------ Exercise data ------

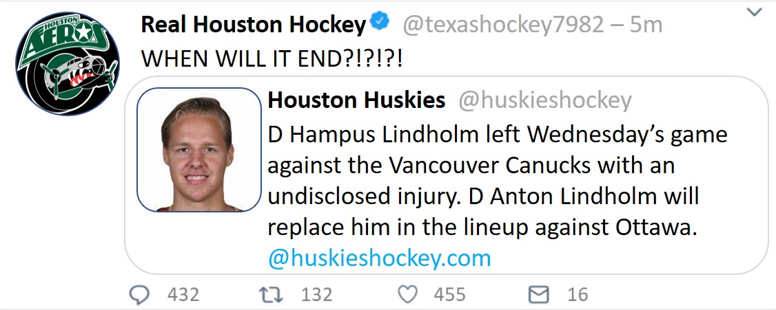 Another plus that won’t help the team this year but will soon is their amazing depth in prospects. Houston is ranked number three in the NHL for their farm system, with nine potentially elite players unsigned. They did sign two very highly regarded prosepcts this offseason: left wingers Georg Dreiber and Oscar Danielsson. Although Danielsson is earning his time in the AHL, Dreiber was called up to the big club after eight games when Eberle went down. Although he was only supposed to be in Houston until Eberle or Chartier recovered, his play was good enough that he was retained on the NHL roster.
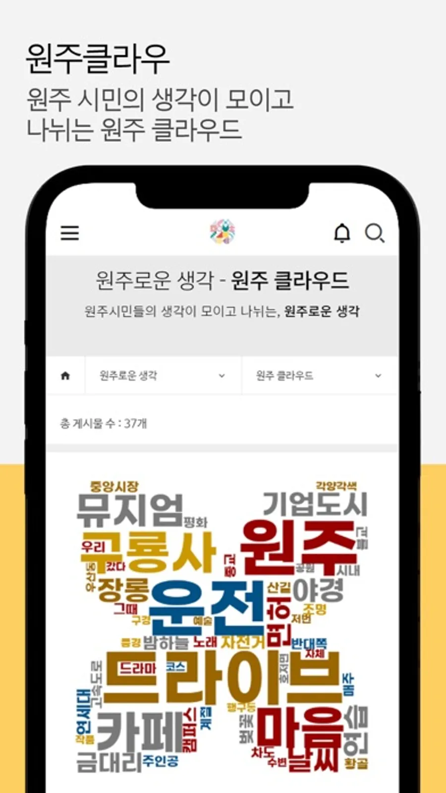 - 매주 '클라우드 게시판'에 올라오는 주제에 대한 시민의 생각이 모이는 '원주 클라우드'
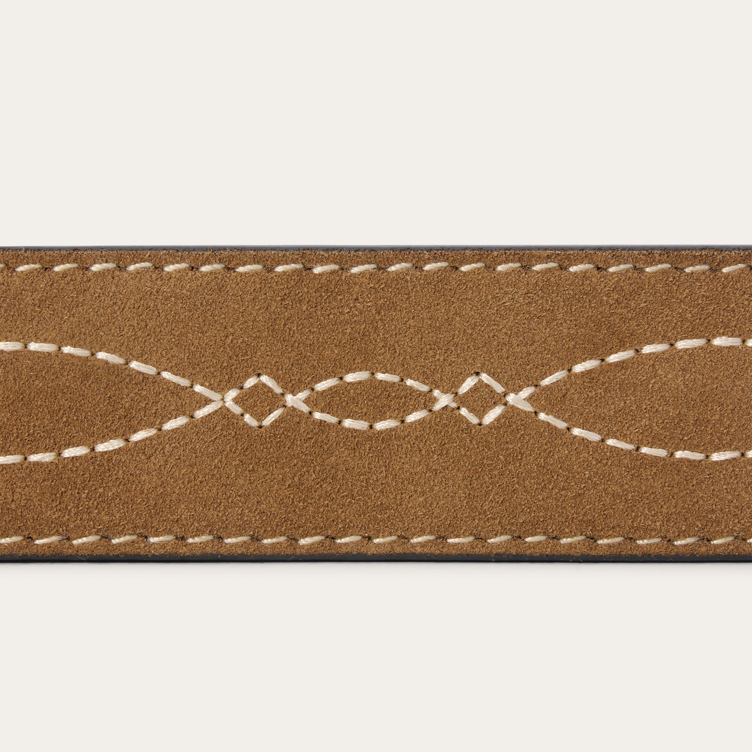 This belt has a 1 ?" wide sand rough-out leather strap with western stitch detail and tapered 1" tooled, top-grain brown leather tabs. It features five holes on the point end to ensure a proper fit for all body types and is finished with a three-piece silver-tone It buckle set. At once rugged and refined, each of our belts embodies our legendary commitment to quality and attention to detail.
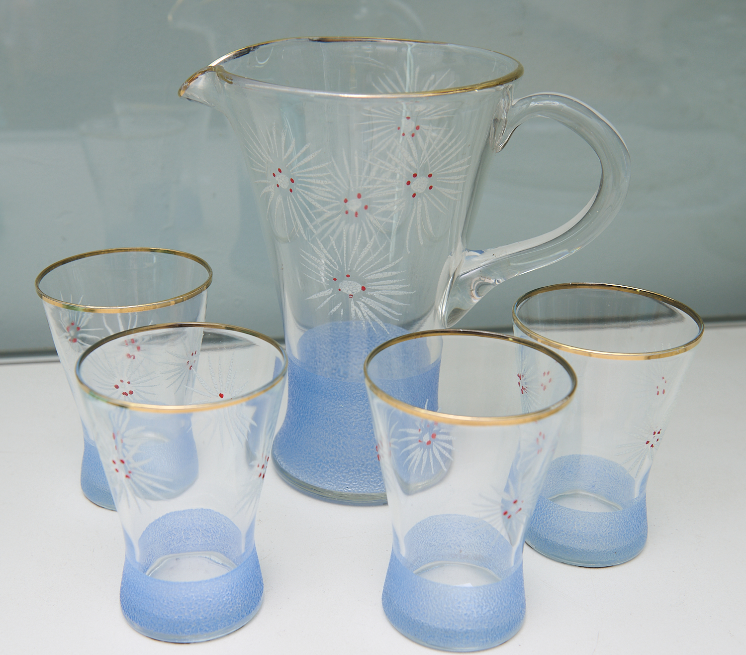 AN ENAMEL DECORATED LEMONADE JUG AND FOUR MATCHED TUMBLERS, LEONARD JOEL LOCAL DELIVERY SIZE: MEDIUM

------

_Task requirements_
Write the material above out again exactly. Omit every image.

_Answer section_
 Another plus that won’t help the team this year but will soon is their amazing depth in prospects. Houston is ranked number three in the NHL for their farm system, with nine potentially elite players unsigned. They did sign two very highly regarded prosepcts this offseason: left wingers Georg Dreiber and Oscar Danielsson. Although Danielsson is earning his time in the AHL, Dreiber was called up to the big club after eight games when Eberle went down. Although he was only supposed to be in Houston until Eberle or Chartier recovered, his play was good enough that he was retained on the NHL roster.
 - 매주 '클라우드 게시판'에 올라오는 주제에 대한 시민의 생각이 모이는 '원주 클라우드'
 This belt has a 1 ?" wide sand rough-out leather strap with western stitch detail and tapered 1" tooled, top-grain brown leather tabs. It features five holes on the point end to ensure a proper fit for all body types and is finished with a three-piece silver-tone It buckle set. At once rugged and refined, each of our belts embodies our legendary commitment to quality and attention to detail.
 AN ENAMEL DECORATED LEMONADE JUG AND FOUR MATCHED TUMBLERS, LEONARD JOEL LOCAL DELIVERY SIZE: MEDIUM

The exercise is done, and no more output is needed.